On 03/23/2016 04:03 PM, Tom Evans wrote:

On Wed, Mar 23, 2016 at 3:43 PM, Robert Brown  wrote:

So I setup a new solr server to point to my existing ZK configs.

When going to the admin UI on this new server I can see the shards/replica's
of the existing collection, and can even query it, even tho this new server
has no cores on it itself.

Is this all expected behaviour?

Is there any performance gain with what I have at this precise stage?  The
extra server certainly makes it appear i could balance more load/requests,
but I guess the queries are just being forwarded on to the servers with the
actual data?

Am I correct in thinking I can now create a new collection on this host, and
begin to build up a new cluster?  and they won't interfere with each other
at all?

Also, that I'll be able to see both collections when using the admin UI
Cloud page on any of the servers in either collection?


I'm confused slightly:

SolrCloud is a (singular) cluster of servers, storing all of its state
and configuration underneath a single zookeeper path. The cluster
contains collections. Collections are tied to a particular config set
within the cluster. Collections are made up of 1 or more shards. Each
shard is a core, and there are 1 or more replicas of each core.

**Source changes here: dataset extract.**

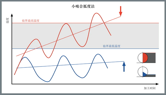 為銑削加工計算的補償因子指出了多種途徑來改變與刀具嚙合量有關(guān)的切削參數(shù),從而保持所需的加工溫度。如果溫度過低,則無法使刀具材料達到最大的韌性,同時還可能會形成積屑瘤(積屑瘤是導(dǎo)致切削刃斷裂或微崩的情況)。如果溫度過高,則會加快切削刃磨損或刀具變形。通過參數(shù)調(diào)整進行補償可以平衡熱負荷與機械負荷,優(yōu)化刀具壽命和生產(chǎn)率。

You can add more servers to the cluster, and then create a new
collection with the same config as an existing collection, but it is
still part of the same cluster. Of course, you could think of a set of
servers within a cluster as a "logical" cluster if it just serves
particular collection, but "cluster" to me would be all of the servers
within the same zookeeper tree, because that is where cluster state is
maintained.

Cheers

Tom




Re: Creating new cluster with existing config in zookeeper

2016-03-23 Thread Erick Erickson
> Is this all expected behaviour?
Yes. As Since each Solr node has access to the entire state, an
arbitrary Solr node can figure out where to forward a request for some
collection it doesn't host.

>Is there any performance gain with what I have at this precise stage?  The 
>extra server certainly makes it appear i could balance more load/requests, but 
>I guess the queries are just being forwarded on to the servers with the actual 
>data?

Not really. The work of searching is done by the Solr nodes hosting
the collection.

Am I correct in thinking I can now create a new collection on this
host, and begin to build up a new cluster?  and they won't interfere
with each other at all?
Yes

Also, that I'll be able to see both collections when using the admin
UI Cloud page on any of the servers in either collection?
Yes



On Wed, Mar 23, 2016 at 8:43 AM, Robert Brown  wrote:
> So I setup a new solr server to point to my existing ZK configs.
>
> When going to the admin UI on this new server I can see the shards/replica's
> of the existing collection, and can even query it, even tho this new server
> has no cores on it itself.
>
> Is this all expected behaviour?
>
> Is there any performance gain with what I have at this precise stage?  The
> extra server certainly makes it appear i could balance more load/requests,
> but I guess the queries are just being forwarded on to the servers with the
> actual data?
>
> Am I correct in thinking I can now create a new collection on this host, and
> begin to build up a new cluster?  and they won't interfere with each other
> at all?
>
> Also, that I'll be able to see both collections when using the admin UI
> Cloud page on any of the servers in either collection?
>
> Thanks,
> Rob
>
>
>
> On 03/22/2016 04:47 PM, Erick Erickson wrote:
>>
>> The whole _point_ of configsets is to re-use them in multiple
>> collections, so please do!
>>
>> Best,
>> Erick
>>
>> On Tue, Mar 22, 2016 at 5:38 AM, Robert Brown 
>> wrote:
>>>
>>> Hi,
>>>
>>> Is it safe to create a new cluster but use an existing config set that's
>>> in
>>> zookeeper?  Or does that config set contain the cluster status too?
>>>
>>> I want to (re)-build a cluster from scratch, with a different amount of
>>> shards, but not using shard-splitting.
>>>
>>> Thanks,
>>> Rob
>>>
>


Re: Creating new cluster with existing config in zookeeper

2016-03-23 Thread Tom Evans
On Wed, Mar 23, 2016 at 3:43 PM, Robert Brown  wrote:
> So I setup a new solr server to point to my existing ZK configs.
>
> When going to the admin UI on this new server I can see the shards/replica's
> of the existing collection, and can even query it, even tho this new server
> has no cores on it itself.
>
> Is this all expected behaviour?
>
> Is there any performance gain with what I have at this precise stage?  The
> extra server certainly makes it appear i could balance more load/requests,
> but I guess the queries are just being forwarded on to the servers with the
> actual data?
>
> Am I correct in thinking I can now create a new collection on this host, and
> begin to build up a new cluster?  and they won't interfere with each other
> at all?
>
> Also, that I'll be able to see both collections when using the admin UI
> Cloud page on any of the servers in either collection?
>

I'm confused slightly:

SolrCloud is a (singular) cluster of servers, storing all of its state
and configuration underneath a single zookeeper path. The cluster
contains collections. Collections are tied to a particular config set
within the cluster. Collections are made up of 1 or more shards. Each
shard is a core, and there are 1 or more replicas of each core.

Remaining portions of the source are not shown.